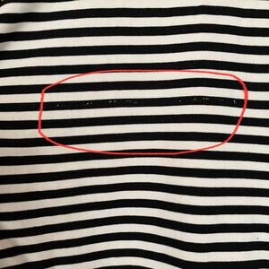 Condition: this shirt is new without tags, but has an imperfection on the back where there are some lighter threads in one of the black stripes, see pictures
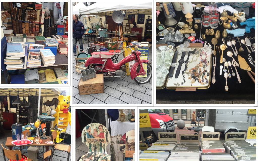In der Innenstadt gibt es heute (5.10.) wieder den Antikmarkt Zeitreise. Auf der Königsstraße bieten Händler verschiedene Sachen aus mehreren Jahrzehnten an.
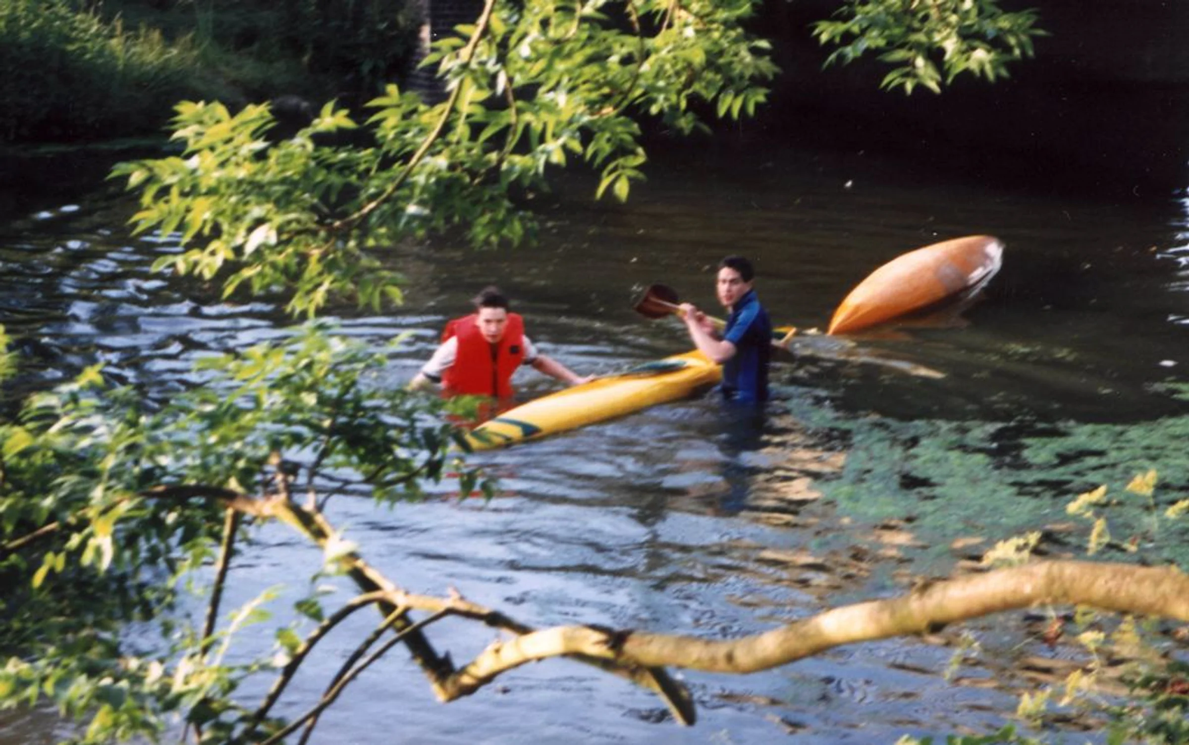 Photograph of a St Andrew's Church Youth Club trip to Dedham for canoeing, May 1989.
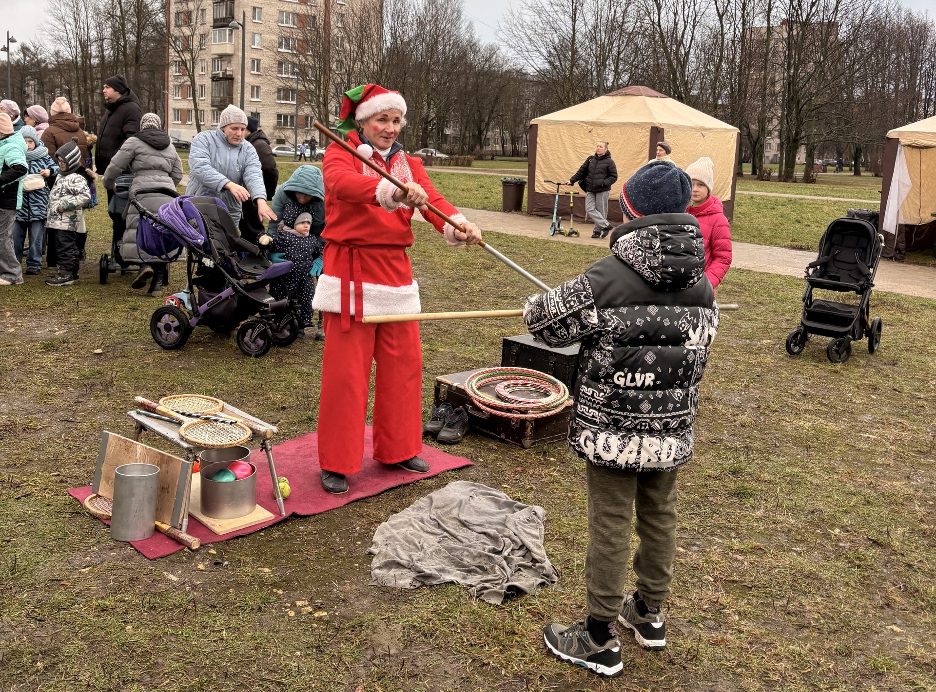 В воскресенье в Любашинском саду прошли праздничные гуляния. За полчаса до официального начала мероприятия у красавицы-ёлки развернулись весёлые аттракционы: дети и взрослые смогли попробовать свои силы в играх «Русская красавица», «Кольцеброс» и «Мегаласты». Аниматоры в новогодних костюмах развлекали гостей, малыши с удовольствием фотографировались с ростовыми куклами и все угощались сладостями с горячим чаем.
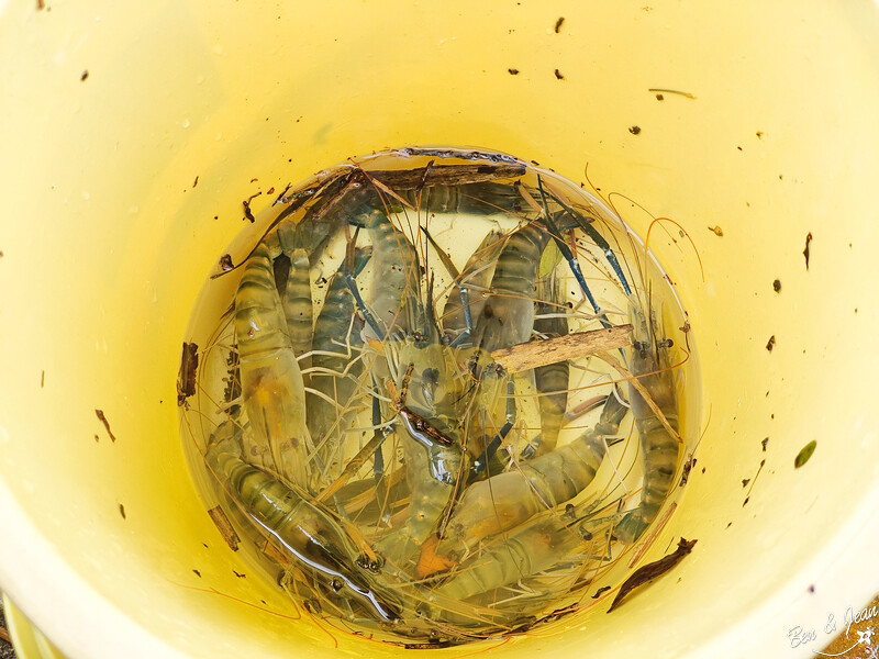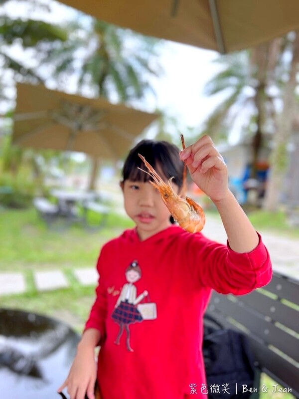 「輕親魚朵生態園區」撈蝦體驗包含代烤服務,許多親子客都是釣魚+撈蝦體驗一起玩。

■ ■ ■ ■ ■

[Aim of the task] Write out the records exactly. Do not carry the pictures over.

[Response to the task]
 Condition: this shirt is new without tags, but has an imperfection on the back where there are some lighter threads in one of the black stripes, see pictures
In der Innenstadt gibt es heute (5.10.) wieder den Antikmarkt Zeitreise. Auf der Königsstraße bieten Händler verschiedene Sachen aus mehreren Jahrzehnten an.
 Photograph of a St Andrew's Church Youth Club trip to Dedham for canoeing, May 1989.
 В воскресенье в Любашинском саду прошли праздничные гуляния. За полчаса до официального начала мероприятия у красавицы-ёлки развернулись весёлые аттракционы: дети и взрослые смогли попробовать свои силы в играх «Русская красавица», «Кольцеброс» и «Мегаласты». Аниматоры в новогодних костюмах развлекали гостей, малыши с удовольствием фотографировались с ростовыми куклами и все угощались сладостями с горячим чаем.
 「輕親魚朵生態園區」撈蝦體驗包含代烤服務,許多親子客都是釣魚+撈蝦體驗一起玩。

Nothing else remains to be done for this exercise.